ABOUT THIS EXERCISE
Copy out exactly the lines from the one with "体のことを考えたしっかりめの" through the last line of the listing below, both included, but none of the pictures.

INFORMATION SHOWN
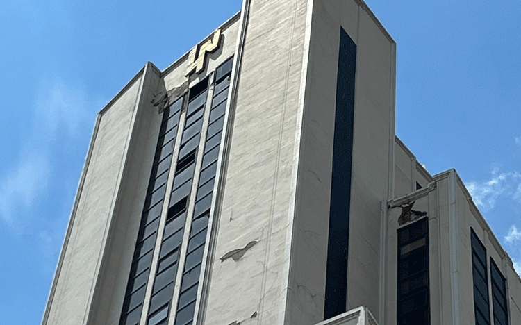 - Edificio de la Lotería Nacional, Av. Paseo de la Reforma No. 1, Tabacalera, Cuauhtémoc: fisuras entre muros divisorios y estructura, reparaciones puntuales
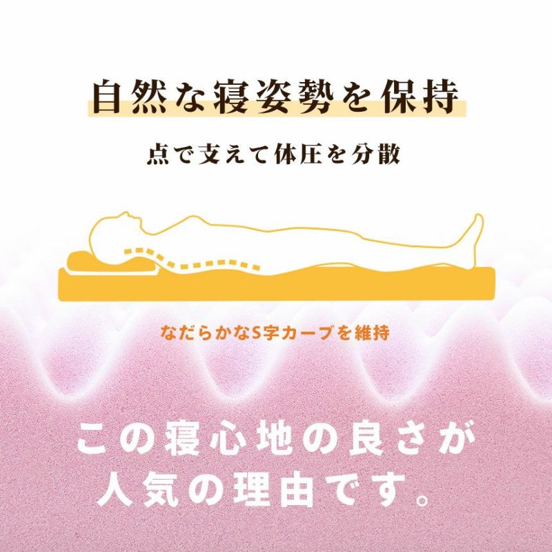 体のことを考えたしっかりめの硬さです。数値上では200ニュートンと硬めの敷きふとんになりますが、凹凸があるため、適度な沈み込みがあります。上層部の凹凸が体のラインに沿うように体を優しく受け止め、フラットな下層部で身体をしっかり支えます。沈み込みすぎず、寝返りがしやすくなっています。寝返りをすることで血行を促し、体の負担を軽減するとともに、体と敷き布団の間にある湿気を発散させることができます。この寝心地の良さが人気の理由です。
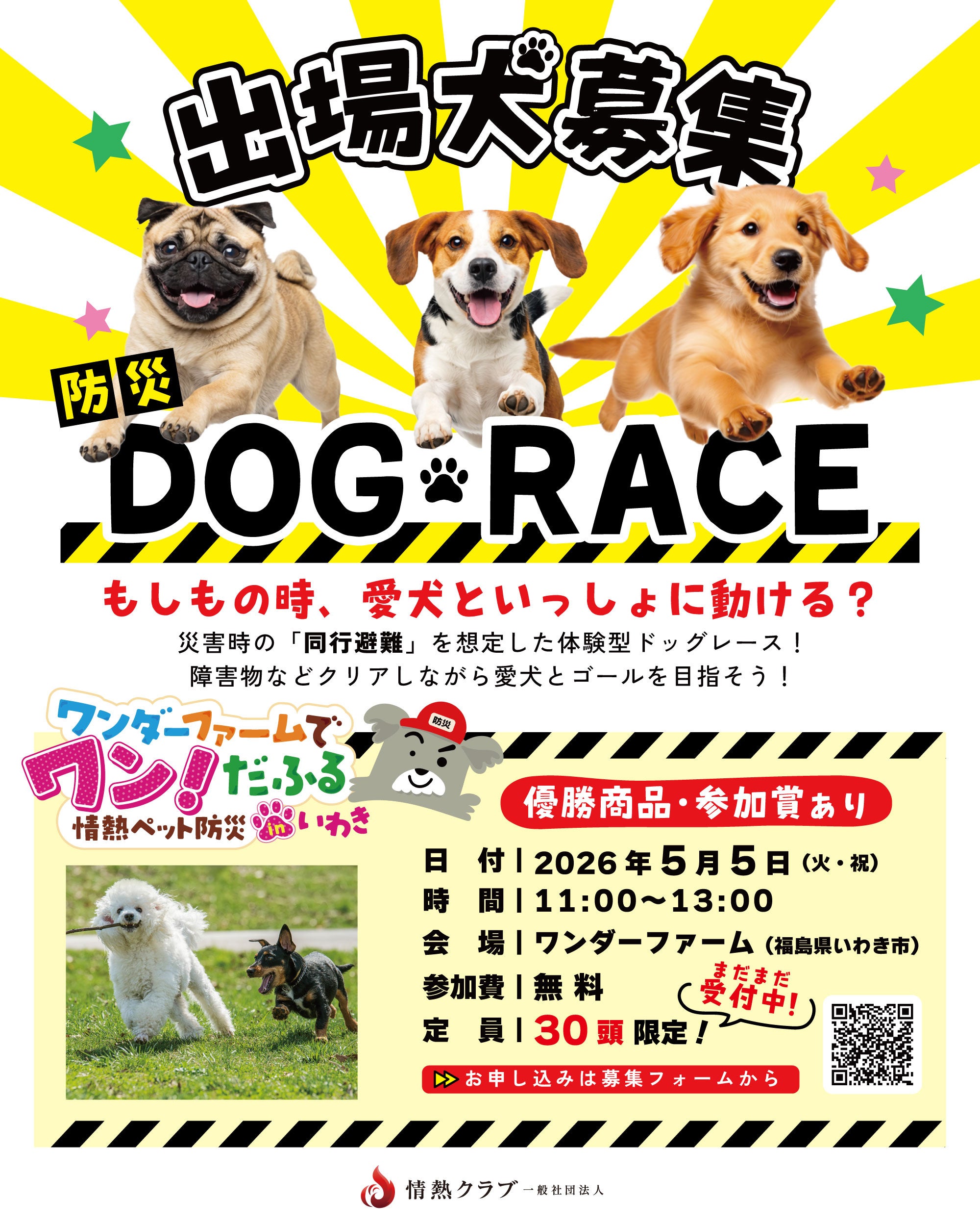 ドッグオーナー・ファミリーへ向け、ペット防災・食・心のケアをテーマにした体感型イベント「ワンダーファームでワン!だふる 情熱ペット防災 in いわき」を開催いたします。
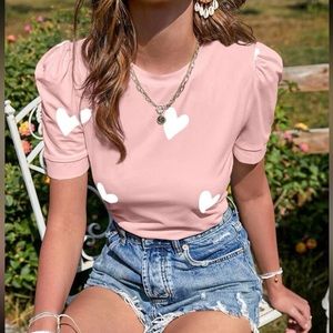 New heart print short sleeve top

THE ANSWER
 体のことを考えたしっかりめの硬さです。数値上では200ニュートンと硬めの敷きふとんになりますが、凹凸があるため、適度な沈み込みがあります。上層部の凹凸が体のラインに沿うように体を優しく受け止め、フラットな下層部で身体をしっかり支えます。沈み込みすぎず、寝返りがしやすくなっています。寝返りをすることで血行を促し、体の負担を軽減するとともに、体と敷き布団の間にある湿気を発散させることができます。この寝心地の良さが人気の理由です。
 ドッグオーナー・ファミリーへ向け、ペット防災・食・心のケアをテーマにした体感型イベント「ワンダーファームでワン!だふる 情熱ペット防災 in いわき」を開催いたします。
 New heart print short sleeve top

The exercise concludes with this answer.